Lo que sucede en Kivu no es único. El «acabar con» que allí se manifiesta y que pretende acabar con un Estado es, al fin y al cabo, un «acabar con» la humanidad. Pero para ser conciente de la envergadura del desafío y del ejemplo de la respuesta a dar, deberíamos entender que la historia de «acabar con» incluye a los africanos que, en Haití, de 1791 a 1804, denunciaron, con otras palabras, la brutalidad de la esclavitud.

Sin embargo, en la lógica de los «descubridores», un africano encadenado que logra liberarse, recuperando su libertad, debe ser completamente aplastado, sin excepción. El acabar con Haití persistió durante más de dos siglos. Es de esperar que el acabar con la República Democrática del Congo continúe. La exigencia de acabar con esta posible recuperación de la libertad, de vida, está reforzada por el miedo, en la cabeza de quienes quieren acabar con la libertad y la vida, de lo que un ejemplo así podría generar.

A pesar de la condición de Patrice Lumumba como héroe nacional, todo se hizo, tras su desaparición, para presentarlo como alguien que daba miedo.
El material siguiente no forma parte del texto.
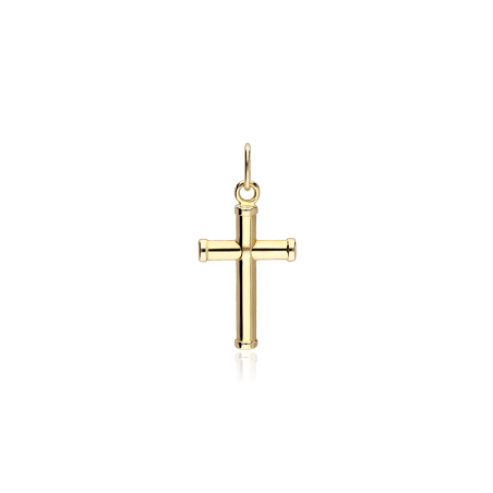 Colgante Oro 18k Cruz 15mm "Facile": Cruz en forma de tubo lisa, fabricada en oro de primera ley, con sección redonda, terminada en sus 4 puntas con 4 casquillas de mayor diámetro.
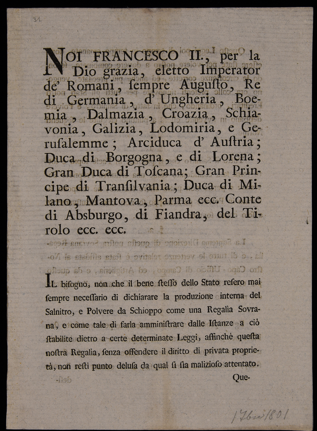 | Noi Francesco II., per la Dio grazia, eletto Imperator de' romani, sempre Augusto, re di Germania ... |
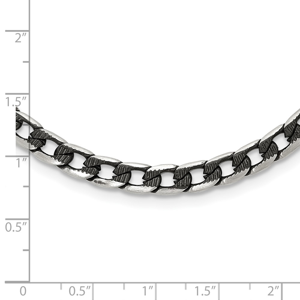 Finish:Brushed Length of Item:24 in Chain Length:24 in Chain Type:Curb Chain Width:6.75 mm Clasp /Connector:Lobster (Fancy) Material: Primary:Stainless Steel Width of Item:6.75 mm Packaging:Gift Pouch Product Type:Jewelry Jewelry Type:Chains Sold By Unit:Each Necklace Type:Chain Styles Gender:Men’s Texture:Textured Material: Primary – Color:White Plating Color:Black Plating: Chain:IP-Plated
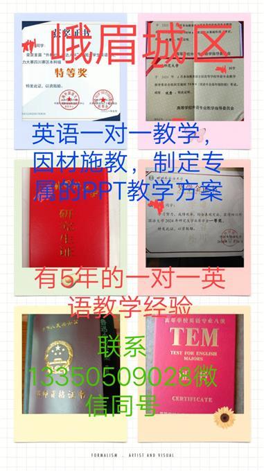 工作经历:本硕都是重点一本师范大学英语师范专业的在读研究生,有在成都5年的一对一家教经历,有丰富的教学经验和方法,有高级中学教师资格证,有全国英语专业八级优秀证书,有全国英语竞赛获奖荣誉证书等等,高中的时候是理科生,高考成绩超过重本线70多分,数学英语物理化学都可以,因材施教原则,根据个人情况制定专属PPT教学方案,查缺补漏拓展培优等等,有需要在寒假期间提升英语成绩的可以联系我
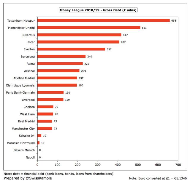 Juventus e Inter tra le più indebitate d'Europa, il tweet di Pistocchi. Nel calcio di oggi non sempre chi spende di più vince. Lo ribadisce anche il giornalista Maurizio Pistocchi che ha postato una grafica sul suo profilo Twitter: "La classifica dei club più indebitati d’europa: in testa c’è il #Tottenham ( che ha costruito il nuovo stadio) poi il #ManchUtd Subito dopo #Juventus e #Inter . Il Napoli di DeLaurentiis è la meno indebitata d’Europa : 0. Debito per crescere, investimenti sulle strutture, campioni costosi ma indispensabili” Poi vedi che il BayernMonaco che ha fatto il Triplete e vinto la 6^ Champions della sua storia è Campione anche di Gestione e capisci che sono le scuse di chi non sa nè vincere nè gestire".

Con frecuencia escuchamos hablar de millones de muertos desde la guerra de 1997. Es necesario. Pero, ¿por qué se olvidan de las otras víctimas? Por ejemplo, el recuento de aquellos y aquellas lumumbistas que muertos, torturados, encarcelados durante el régimen de Mobutu, que yo sepa, nunca se ha realizado. A quienes dudan de la amplitud de ese «acabar con» los lumumbistas, basta decirles que lean los trabajos de los mercenarios como Mike Hoare o que escuchen cómo el mercenario Müller (ex SS nazi) cuenta, sonriendo, cómo no podía acordarse de cuántos congoleños había matado, pues se le había ordenado eliminar a todo aquel que se moviera en las zonas donde actuaba.

La historia de «acabar con» es muy larga y para nada rectilínea. Además de las contradicciones propias que produce, recoge las resistencias pasivas y activas, del interior y del exterior, de su lógica asesina. El reto de cómo acabar con el «acabar con» pertenece a todo el mundo. Quienes se crean más dotados que otros para responder, les deseamos que resistan a esta tentación: la respuesta debería llegar de aquellos y aquellas que han sido, y que continúan siendo, los objetivos de este «acabar con» a todos los niveles, local y global.

Jacques Depelchin es historiador congoleño, profesor en la Universidad de Dar es Salaam (Tanzania) y en el Centro de Estudios en Maputo (Mozambique). Es autor de numerosos artículos y varios libros, como el aclamado ‘Silences in African history. Between the syndromes of discovery and abolition’ ( Mkuki Na Nyota Publishers , Dar es Salaam, 2005). También es director de Alliance International Ota Benga por la paz en la República Democrática del Congo.